BANDUNG, JUMAT - Keanekaragaman dan keunikan katak di Indonesia mungkin sebaiknya diublikasikan lebih luas sebagai lambang daerah. Hal tersebut juga akan membantu menyelamatkan berbagai jenis katak dari kepunahan.
Demikian dikatakan Herpetolog (peneliti katak) dari Sekolah Ilmu Teknologi Hayati Institut Teknologi Bandung, Djoko Tjahjono Iskandar dalam workshop tentang katak di Kebon Binatang Bandung, Jumat (27/2).
Menurut Djoko, selain, memiliki peranan penting dalam rantai makanan, katak adalah indikator perubahan iklim dan cuaca. Cacat atau hilangnya jenis katak tertentu di suatu tempat bisa menjadi indikasi kerusakan lingkungan atau perubahan iklim di sekitarnya.
"Berbagai macam cara bisa dilakukan untuk melindungi sekitar 400-500 spesies katak yang terdata di Indonesia. Paling depan tentu konservasi lingkungan tapi ada hal lain bisa menjadi alternatif, yaitu mempublikasikan keragaman dan keunikan spesies katak di Indonesia," katanya.
Menurut Djoko, sejatinya katak di Indonesia memiliki banyak keunikan. Di antaranya warna, ukuran, hingga struktur tubuh. Hal itu, diyakini Djoko bisa dipublikasikan sebagai maskot daerah atau taman nasional. Diharapkan setelah dikenal masyarakat, ekosistem dan keberlangsungan hidupnya bisa terjaga.
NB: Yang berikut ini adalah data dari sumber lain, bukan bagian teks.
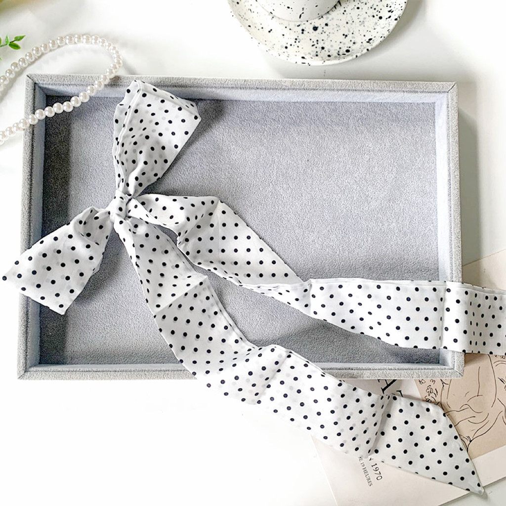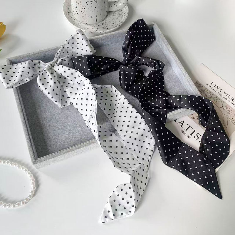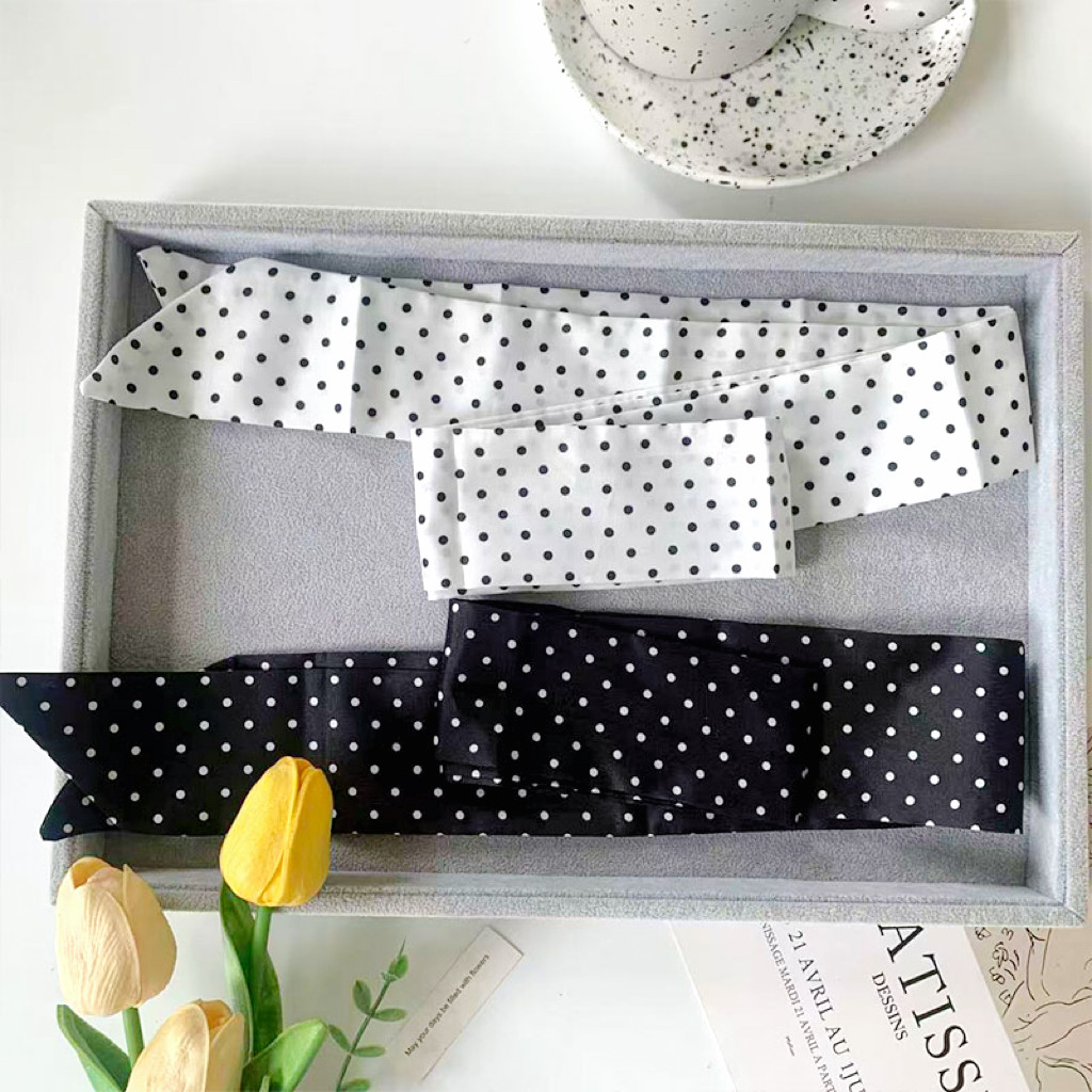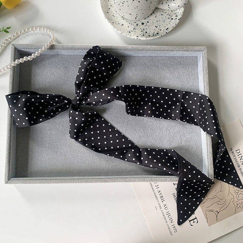 黑色高级波点长条丝巾丝带时尚新款百搭装饰领巾发带ins飘带

Djoko mengatakan, beberapa katak itu antara lain katak raksasa (Limnonectes blythii) asal Sumatera. Ukurannya merupakan yang terbesar kedua di dunia. Panjangnya bisa mencapai 25 sentimeter dan berat 1,5 kilogram.
Selain itu, ada katak darah dari Gunung Halimun, yaitu katak merah (Leptophryne cruentata). Katak ini satu-satunya di Indonesia yang berwarna merah darah.
Djoko juga menyebutkan satu-satunya katak di Indonesia yang tidak memiliki paru-paru yaitu katak kepala pipih kalimantan (Barbourula kalimantanensis). Usianya diperkirakan lebih dari 50 juta tahun dan di Indonesia hanya ada satu spesies. Di Indonesia, katak yang bernafas menggunakan kulitnya ini hanya ditemukan di Taman Nasional Baka Bukit Raya, Kalimantan Barat.
Penelitian kurang
"Selain minimnya perhatian atau kesadaran mempublikasikan kekhasan katak, kurangnya tenaga ahli dan peneliti katak ikut memengaruhi tidak dikenalnya keragaman katak Indonesia," katanya. Menurut Djoko, Indonesia hanya memiliki sekitar 20 orang herpetolog. Akibatnya data mengenai jenis katak di Indonesia belum lengkap.